* Work instruction:
Reproduce the line with "Blaugrüne Mosaikjungfer (Aeshna" and everything after it in the listing below, exactly, both ends included. No pictures.

* Recorded information:
_____

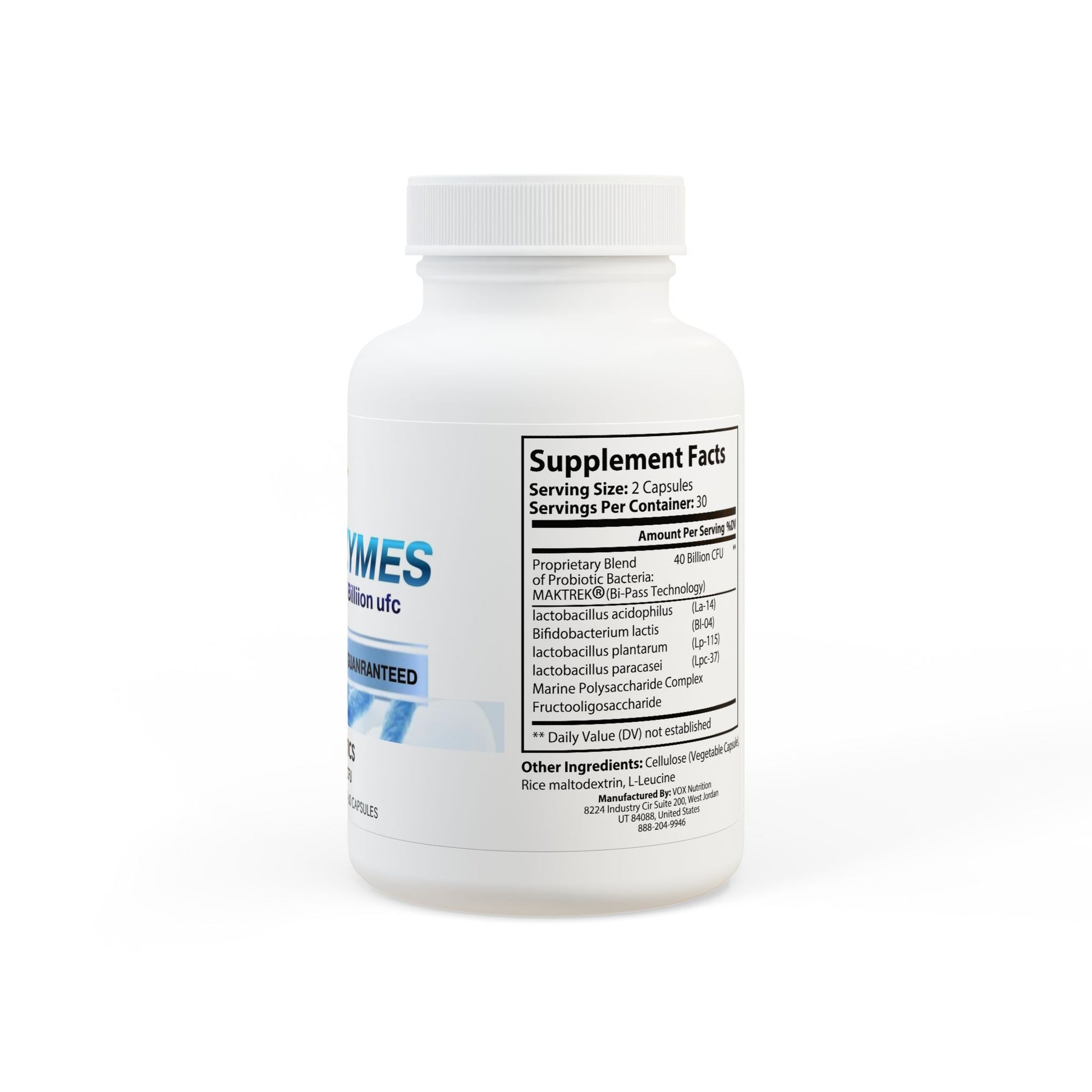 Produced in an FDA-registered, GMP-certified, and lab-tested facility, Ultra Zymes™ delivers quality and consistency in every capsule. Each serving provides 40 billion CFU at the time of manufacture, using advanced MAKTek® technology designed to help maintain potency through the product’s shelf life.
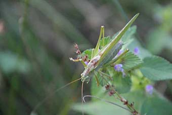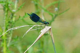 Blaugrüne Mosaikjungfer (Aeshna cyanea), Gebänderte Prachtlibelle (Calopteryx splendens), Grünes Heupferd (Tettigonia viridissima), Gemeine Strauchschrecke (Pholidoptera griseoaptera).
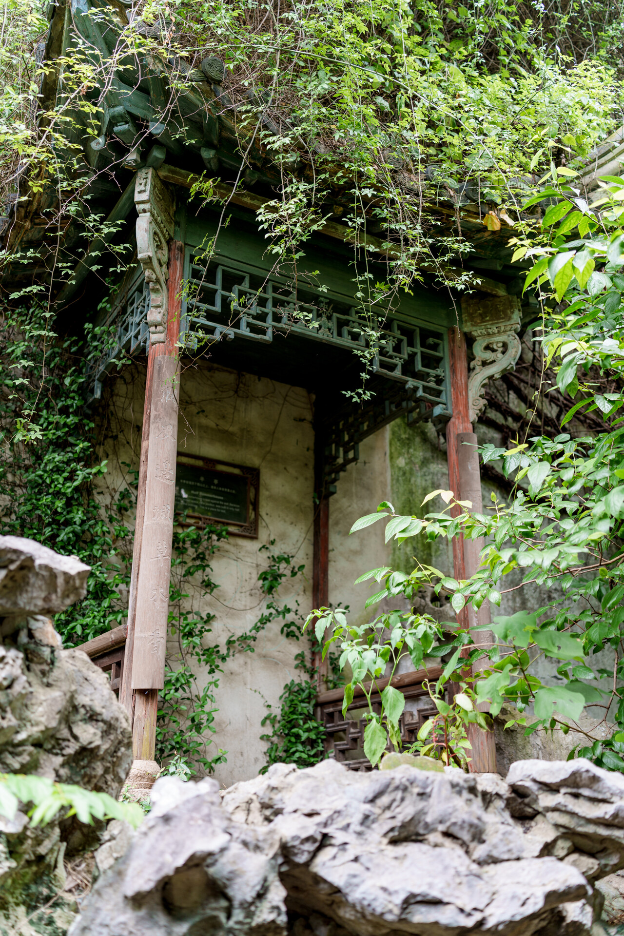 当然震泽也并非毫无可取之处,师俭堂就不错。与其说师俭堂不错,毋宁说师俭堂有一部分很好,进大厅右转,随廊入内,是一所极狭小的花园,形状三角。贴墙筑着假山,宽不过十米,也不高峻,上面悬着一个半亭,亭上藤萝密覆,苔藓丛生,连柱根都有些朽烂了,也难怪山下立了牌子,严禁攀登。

_____

* Answer to the problem:
 Blaugrüne Mosaikjungfer (Aeshna cyanea), Gebänderte Prachtlibelle (Calopteryx splendens), Grünes Heupferd (Tettigonia viridissima), Gemeine Strauchschrecke (Pholidoptera griseoaptera).
 当然震泽也并非毫无可取之处,师俭堂就不错。与其说师俭堂不错,毋宁说师俭堂有一部分很好,进大厅右转,随廊入内,是一所极狭小的花园,形状三角。贴墙筑着假山,宽不过十米,也不高峻,上面悬着一个半亭,亭上藤萝密覆,苔藓丛生,连柱根都有些朽烂了,也难怪山下立了牌子,严禁攀登。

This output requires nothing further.